Read a single target data file

Usage

read_target_file(
  target_file_path,
  hub_path,
  coerce_types = c("target", "chr", "none"),
  date_col = NULL,
  na = c("NA", "")
)

Arguments

target_file_path

Character string. Path to the target data file being validated relative to the hub's target-data directory.

hub_path

Either a character string path to a local Modeling Hub directory or an object of class <SubTreeFileSystem> created using functions s3_bucket() or gs_bucket() by providing a string S3 or GCS bucket name or path to a Modeling Hub directory stored in the cloud. For more details consult the Using cloud storage (S3, GCS) in the arrow package. The hub must be fully configured with valid admin.json and tasks.json files within the hub-config directory.

coerce_types

character string.
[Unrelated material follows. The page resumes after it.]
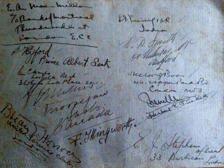After their ordeal in Russia, the last British Army prisoners-of-war to return from World War I held a reunion dinner at the Café Royal in Piccadilly. Unfortunately, not every member of the group had remained in London, but those that did attend, signed the back of a photograph that had been taken on board HMS Delhi.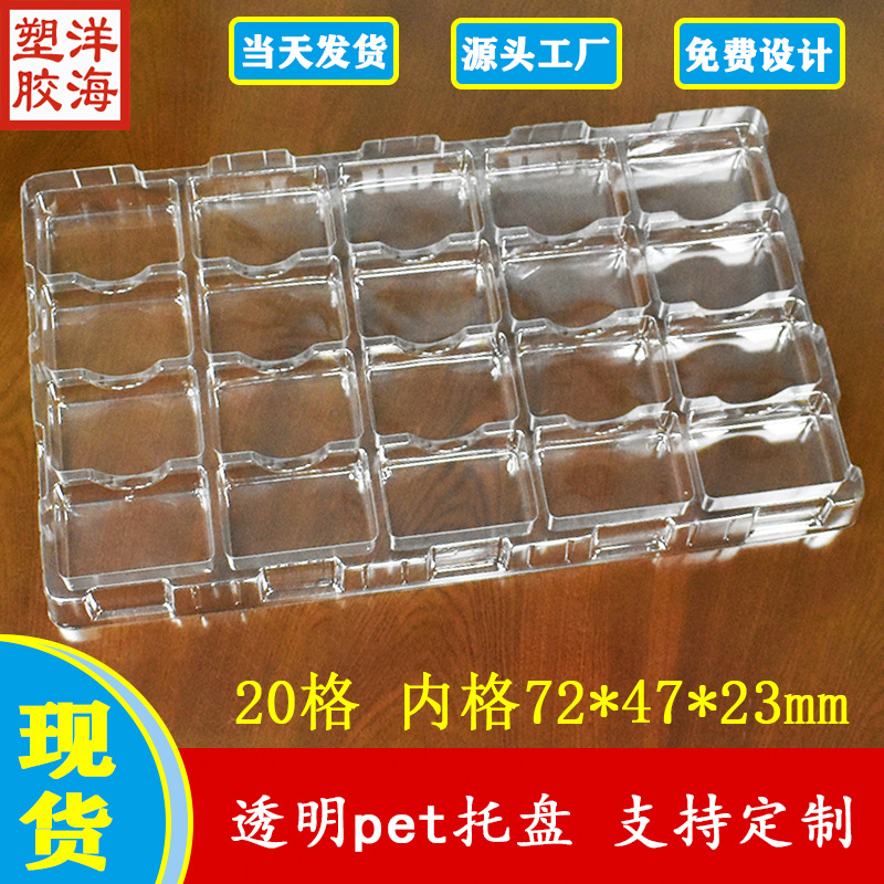 卸売り透明pet 20格内径72*47*23ブリスター箱金物回路基板pvc使い捨て包装トレイ

What to coerce column types to on read.

  • target: (default) read in (csv) or coerce (parquet) to expected schema by target type (See hubData::create_timeseries_schema() and hubData::create_oracle_output_schema() for details). When coercing data types using the target schema, the output_type_id_datatype can also be used to set the output_type_id column data type manually.

  • chr: read in (csv) or coerce (parquet) all columns to character.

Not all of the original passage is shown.